Aspect	OpenAI	Runware
Model IDs	`gpt-4o`, `gpt-4o-mini`	AIR format: `minimax:m2.7@0`, `google:gemini@3.1-pro`
Authentication	OpenAI API key	Runware API key (same `Authorization: Bearer` header)
Base URL	`https://api.openai.com/v1`	`https://api.runware.ai/v1`
Available models	OpenAI models only	Multiple providers: MiniMax, Google Gemini, and more
Naming convention	snake_case (`finish_reason`, `reasoning_content`)	snake_case (same as OpenAI on this endpoint)

This endpoint uses snake_case field names (finish_reason, max_tokens) to match the OpenAI convention. The native API uses camelCase (finishReason, maxTokens).

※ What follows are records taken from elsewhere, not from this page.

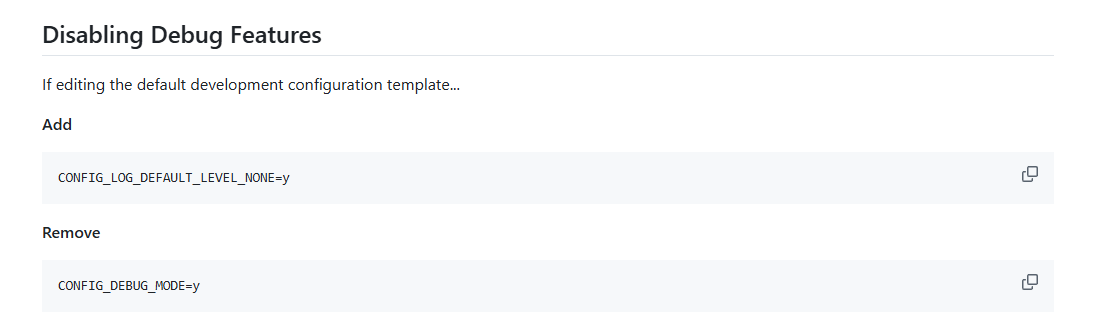 가져온 sdkconfig.default 를 편집기로 열어서 아래 안내와 같이 디버그 관련 옵션을 비활성화했더니 정상 동작했다.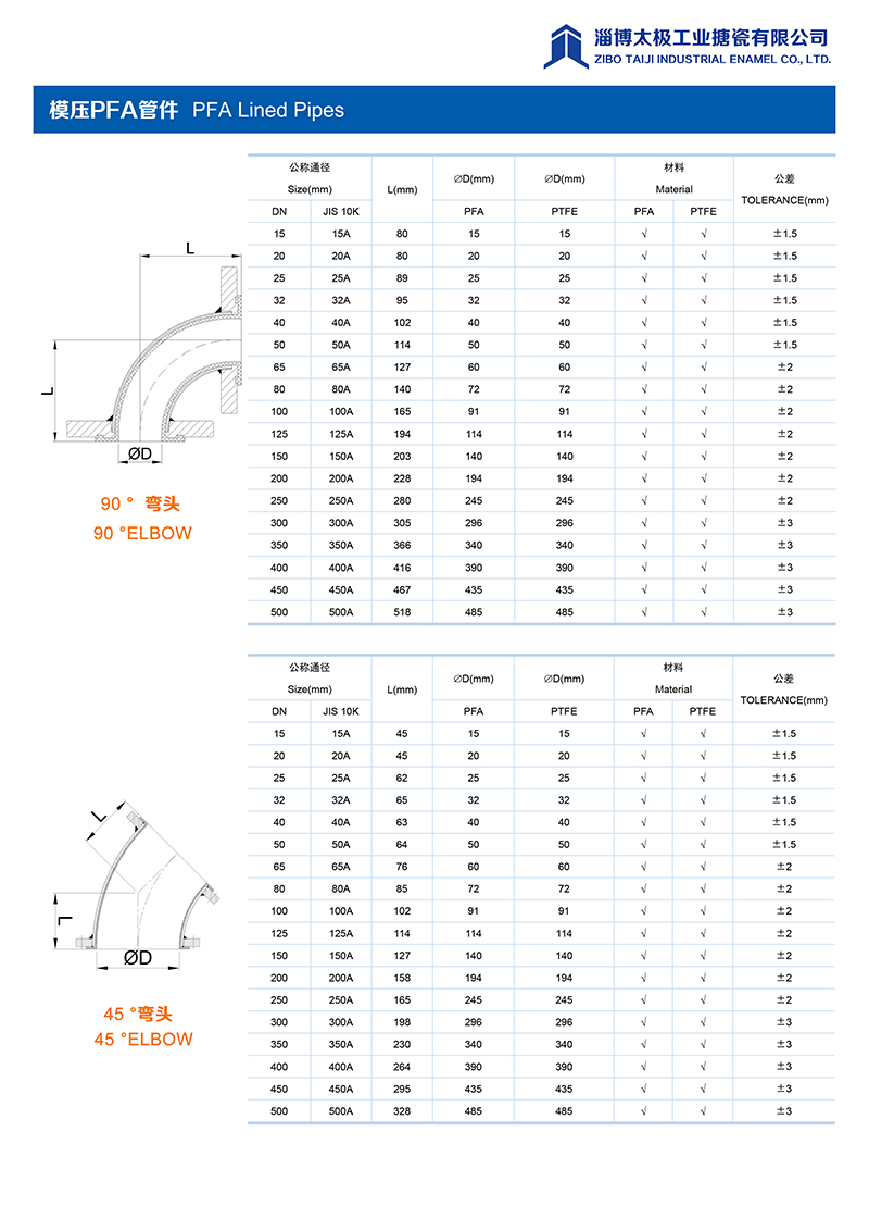 本公司的模壓PFA管件,采用耐強腐蝕的PFA材料,具有高密度、高強度和襯層厚度均勻等特點。每一個尺寸要求都精確控制,從模具加工精度到成型后的氟塑料加工精度都精益求精。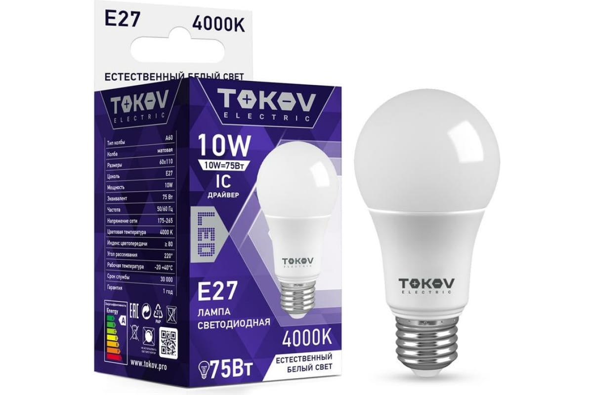 Лампа светодиодная 10Вт А60 4000К Е27 176-264В TOKOV ELECTRIC TKE-A60-E27-10-4K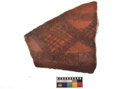 | Description / विवरण | Specimen of black on red ware with decorative geometric A row of latticed diamonds set in horizontal bands but having groups of oblique lines at intervals painting. |

Key differences from the native API

If you are choosing between the OpenAI-compatible endpoint and the native Runware API, here is how they compare:

	Native API	OpenAI-compatible
Endpoint	`https://api.runware.ai/v1`	`https://api.runware.ai/v1/chat/completions`
Request format	Array of task objects with `taskType` and `taskUUID`	Single object (standard OpenAI format)
Streaming trigger	`"deliveryMethod": "stream"`	`"stream": true`
Async support	Yes (`"deliveryMethod": "async"` with webhooks/polling)	No
Cost tracking	`includeCost: true` on the request	Included in the `usage` chunk when `stream_options.include_usage` is set
Usage tracking	`includeUsage: true` on the request	`stream_options: { "include_usage": true }`
Task tracking	`taskUUID` for request/response correlation	Standard `id` field on response chunks
Naming convention	camelCase	snake_case

Use the OpenAI-compatible endpoint when you want the fastest integration path or are already working with the OpenAI SDK.

Use the native API when you want a consistent request format across all Runware modalities (images, video, audio, text, 3d) and access to features like async delivery and task-level tracking.